18 💻 K-Means Clustering

K-means clustering is an unsupervised machine learning algorithm used to group data points into clusters. It is one of the most popular clustering algorithms and is used in a variety of applications, such as image segmentation, data compression, and market segmentation. The algorithm works by assigning each data point to the closest cluster center, and then iteratively updating the cluster centers to minimize the distance between them and the data points.

If you are stuck either ask to the TA or team work! Collaboration is always key 👯‍♂️! As you may notice the functioning is pretty similar to hierarchical clsutering, so we will not spend too much time on that!

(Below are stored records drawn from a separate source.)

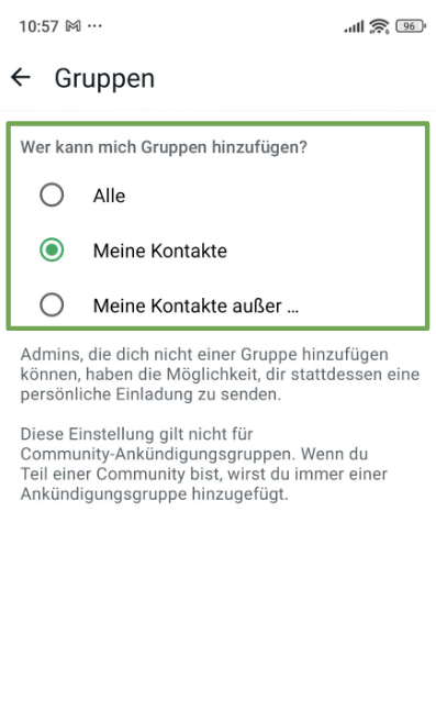 Es gibt verschiedene Datenschutzeinstellungen in WhatsApp, die du anpassen kannst, um zu bestimmen, wer deine Informationen wie dein Profilbild und deinen Status sehen kann. Du kannst auch festlegen, wer dich zu Gruppenchats hinzufügen kann, um ungewollte Kontakte zu vermeiden (standardmäßig kann dich jeder, der deine Telefonnummer hat, zu einem Gruppenchat hinzufügen).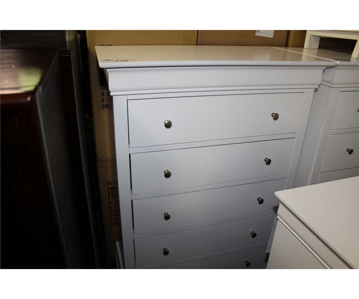 WHITE UPRIGHT 5 DRAWER DRESSER (S3)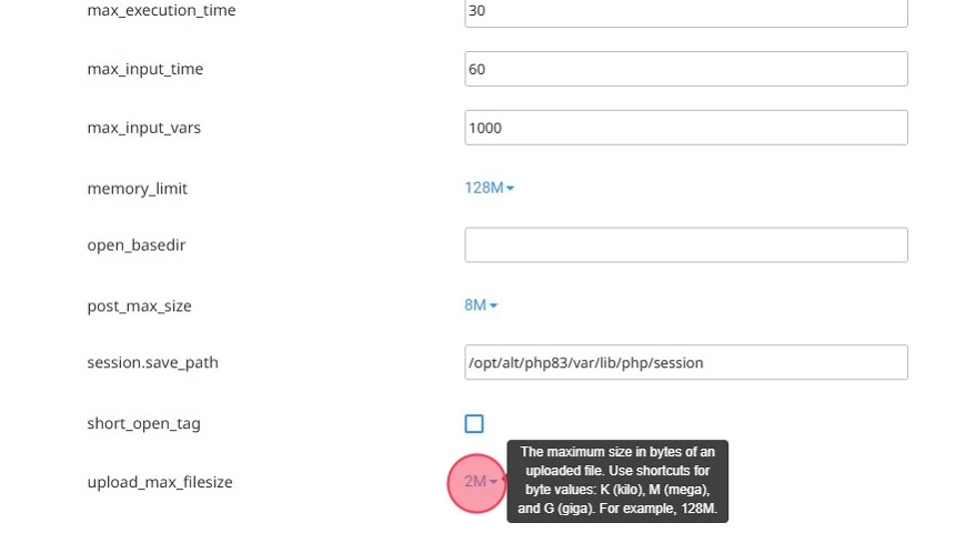 5Klicka på nuvarande värde för "upload_max_filesize" (t.ex. "2M").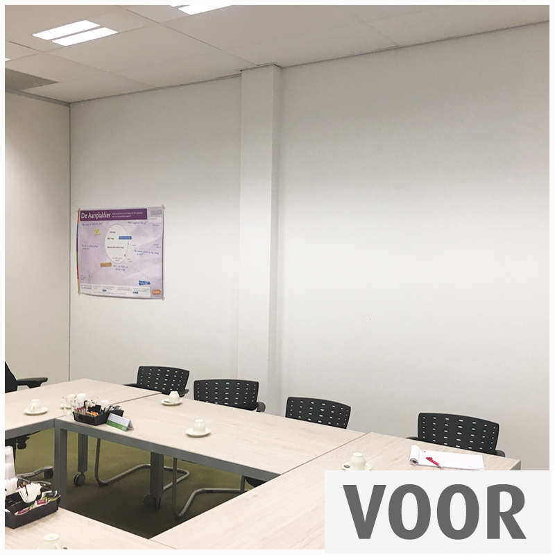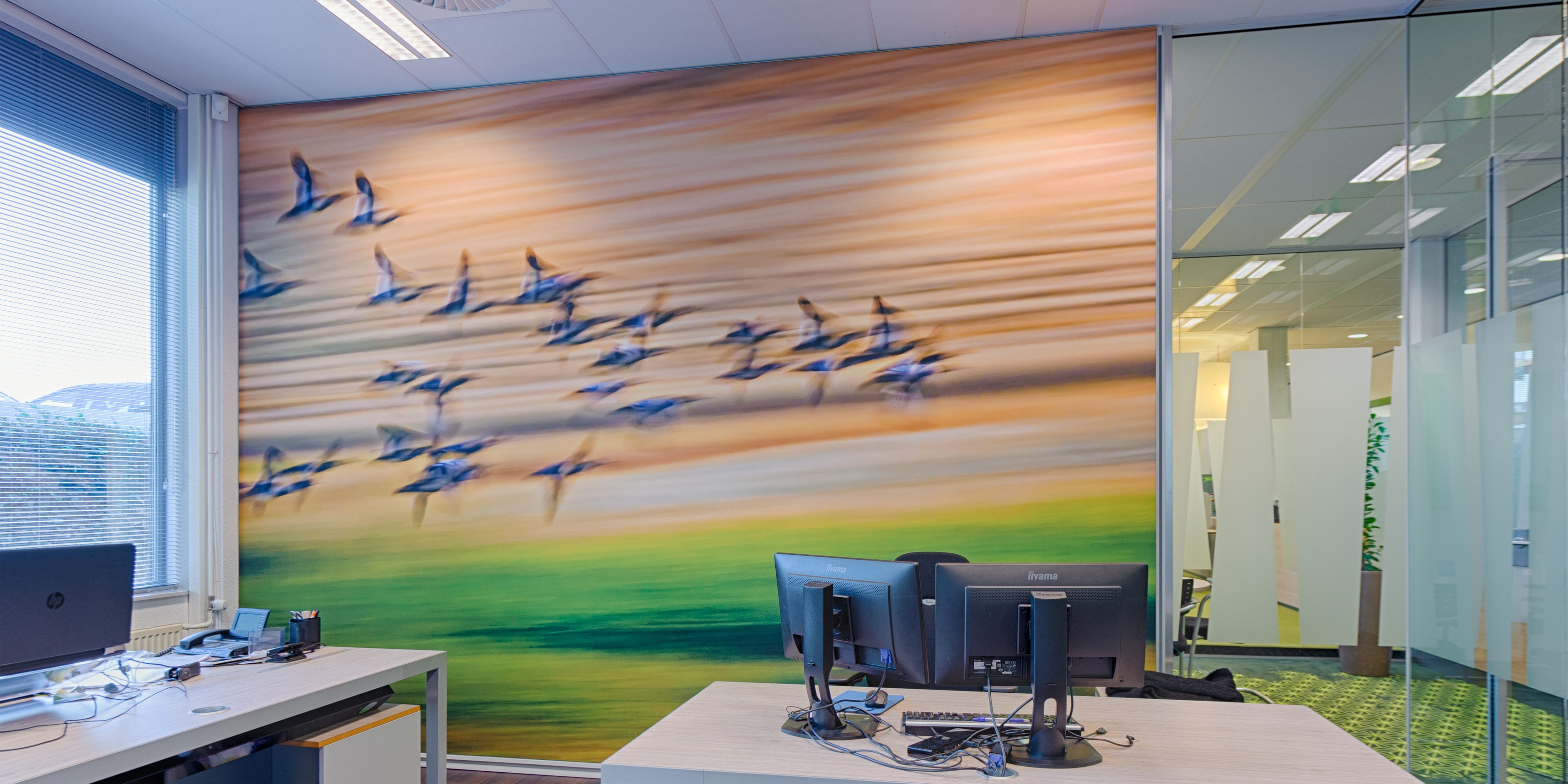 De frisse en moderne beelden in de kantoorruimten zorgt voor sfeer, terwijl het originele patroon op de glazen systeenwanden zorgt voor dynamiek en een gevoel van privacy.

Remember also that if you want to visualize clusters you may think to use fviz_cluster() from lib factoextra. You can also use the ggplot2 package calling the autoplot function on the kmean regression. We are going tp use the same dataset USArrests. We are scaling data beacause we don’t want the clustering algorithm to depend to an arbitrary variable unit, we start by scaling/standardizing the data using the R function. This could/should be done also for hierarchical cluster. Please note also that if you want to consistently reproduce results across you need to set the seed to a specific number with set.seed(28)

library(factoextra)
#> Loading required package: ggplot2
#> Welcome! Want to learn more? See two factoextra-related books at https://goo.gl/ve3WBa
scale_USArrests <- scale(USArrests)
k2 <- kmeans(scale_USArrests, centers = 2, nstart = 25)
fviz_cluster(k2, data = scale_USArrests)

Lets also see how clusters change wrt the number of ks

set.seed(28)
k3 <- kmeans(scale_USArrests, centers = 3, nstart = 25)
k4 <- kmeans(scale_USArrests, centers = 4, nstart = 25)
k5 <- kmeans(scale_USArrests, centers = 5, nstart = 25)

# plots to compare
p1 <- fviz_cluster(k2, geom = "point", data = scale_USArrests) + ggtitle("k = 2")
p2 <- fviz_cluster(k3, geom = "point",  data = scale_USArrests) + ggtitle("k = 3")
p3 <- fviz_cluster(k4, geom = "point",  data = scale_USArrests) + ggtitle("k = 4")
p4 <- fviz_cluster(k5, geom = "point",  data = scale_USArrests) + ggtitle("k = 5")

library(gridExtra)
#> 
#> Attaching package: 'gridExtra'
#> The following object is masked from 'package:dplyr':
#> 
#>     combine
grid.arrange(p1, p2, p3, p4, nrow = 2)

18.1 Exercises 👨‍💻

Exercise 18.1 Let’s have a look at an example in R using the Chatterjee-Price Attitude Data from the library(datasets) package. The dataset is a survey of clerical employees of a large financial organization. The data are aggregated from questionnaires of approximately 35 employees for each of 30 (randomly selected) departments. The numbers give the percent proportion of favourable responses to seven questions in each department. For more details, see ?attitude. We take a subset of the attitude dataset and consider only two variables in our K-Means clustering exercise i.e. privileges learning.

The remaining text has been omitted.